Marijke Nel
- Born: 17 December 1967 (age 58) Richards Bay, South Africa
- Notable relative: Philip J. Nel (grandfather)
- Occupation: Technical Director

Rugby union career
- Position: fly-half

Senior career
- Years: Team / Apps / (Points)
- .: Wasps Ladies

Provincial / State sides
- Years: Team / Apps / (Points)
- .: Blue Bulls

International career
- Years: Team / Apps / (Points)
- 2005–06: South Africa

= Marijke Nel =

Marijke Nel (born 17 December 1967) is a South African-born Canadian tennis player and former women's international rugby union fly-half from Richards Bay, KwaZulu-Natal, South Africa.
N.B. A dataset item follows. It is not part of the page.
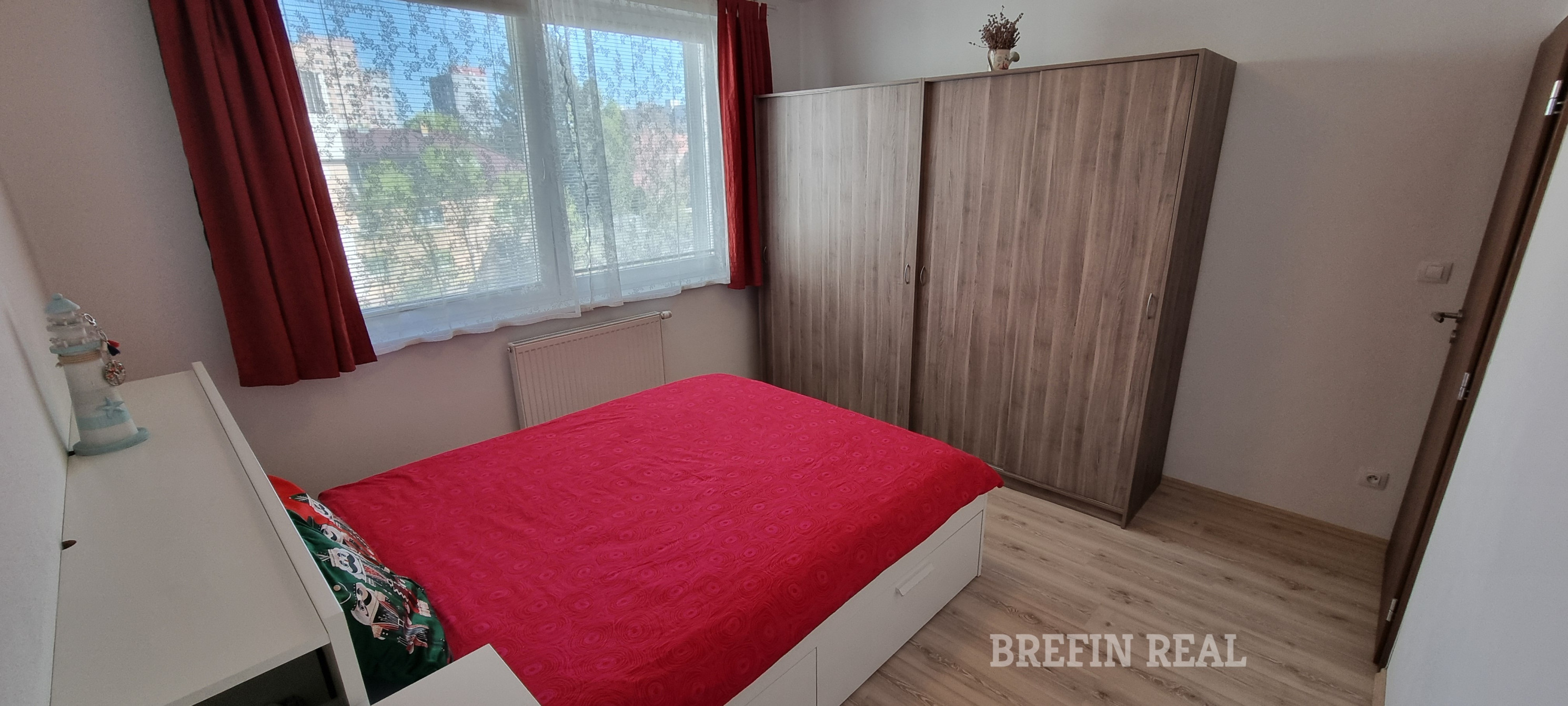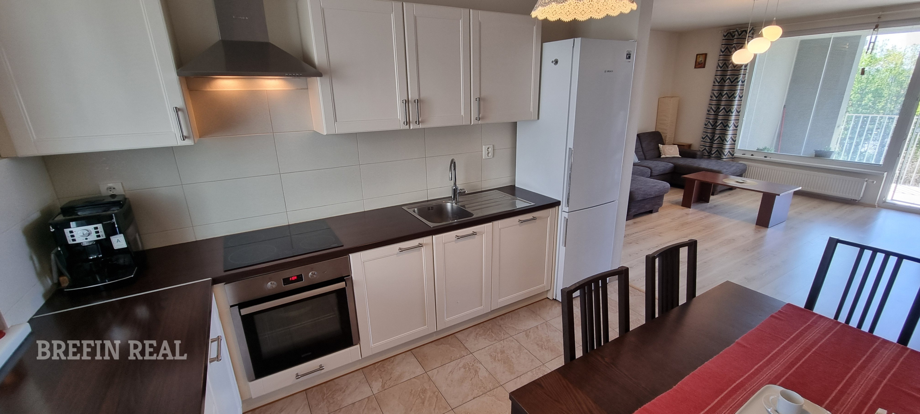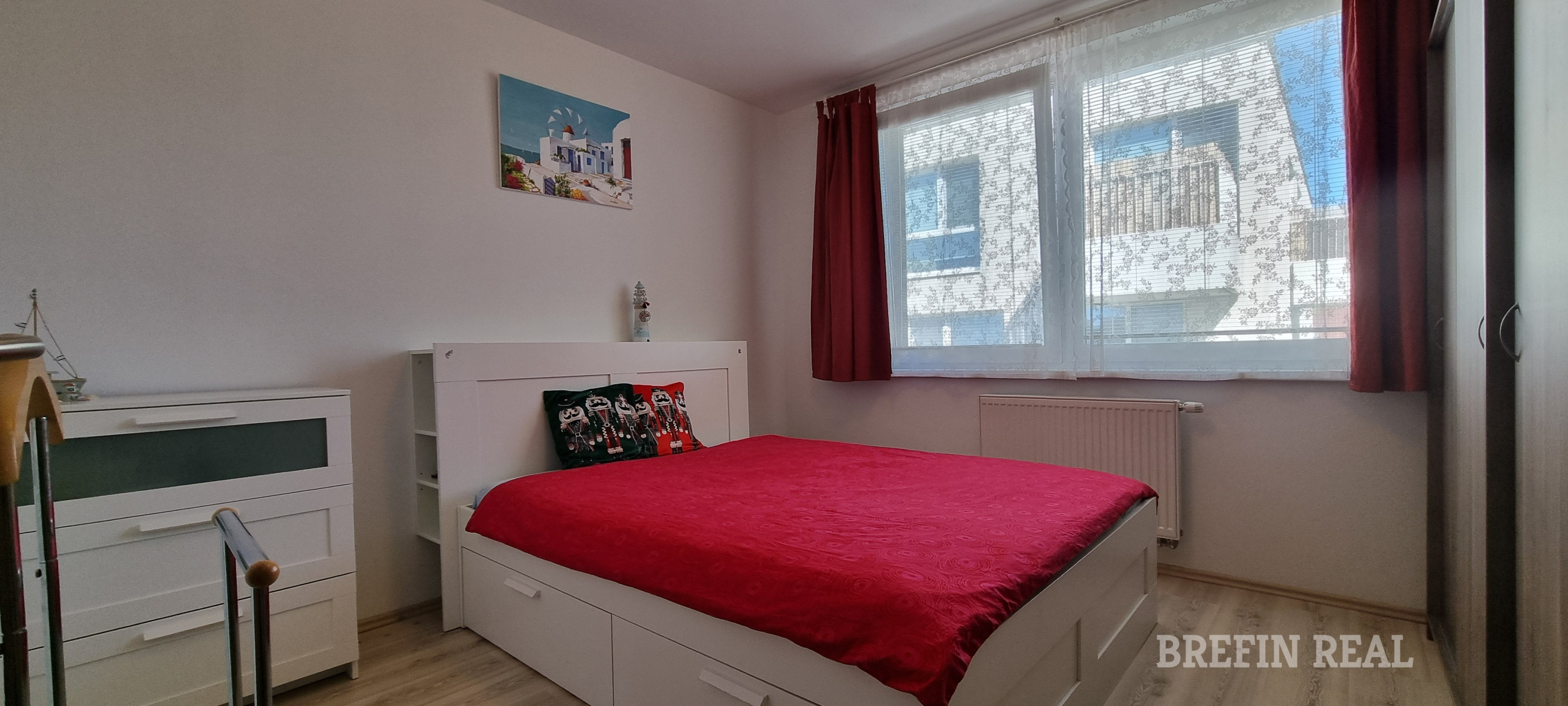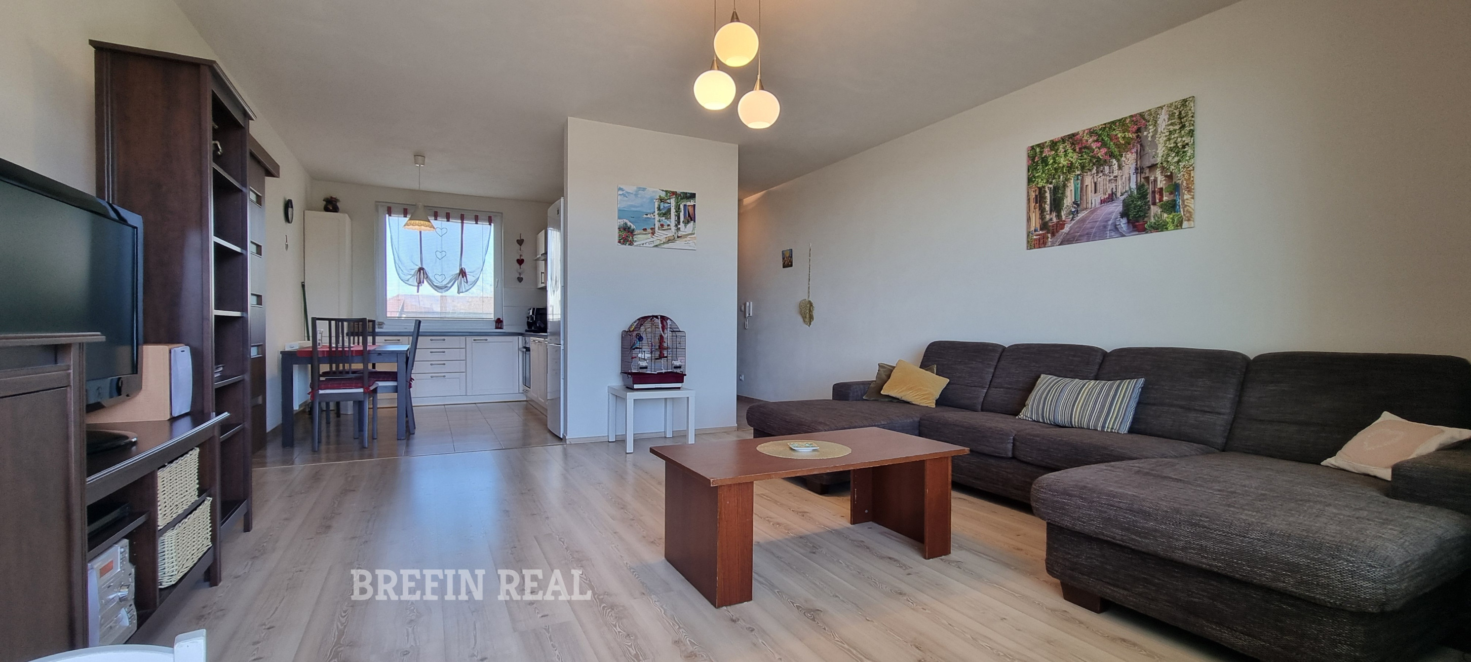 Dispozične je byt veľmi dobre riešený – denná časť (obývačka s kuchyňou) je oddelená od nočnej časti.

She played rugby until 2006 when she moved to Canada to coach tennis. She is the granddaughter of the former South Africa national rugby union team captain, Philip J. Nel.

== Rugby ==
After time at Kansas State University in the United States, Nel started playing rugby for Wasps Ladies in England as a fly-half. She then moved back to South Africa to play for Blue Bulls when competitive women's rugby started in South Africa. She made her international debut for the South Africa women's national rugby union team in 2005 during a tour to England. When South Africa travelled to Canada to take part in the 2006 Women's Rugby World Cup, Nel liked Canada so much she decided to settle there.

== Tennis ==
Nel started her time in Canada as a tennis coach in Bayers Lake, Nova Scotia before becoming the technical director for Tennis Nova Scotia. She continued to play tennis and in 2016 won the doubles at the Senior National Championships. This would have meant that she was eligible to represent Canada at the 2017 ITF Young Seniors World Championships; however she was not a Canadian citizen. Following a request to her local Member of Parliament to fast track her citizenship application, her Canadian citizenship was granted in time to allow Nel to compete at the tournament in South Africa. During the tournament, she lost both her women's and mixed doubles matches as well as her singles tournament match in the first round however she did reach the final of the consolation bracket.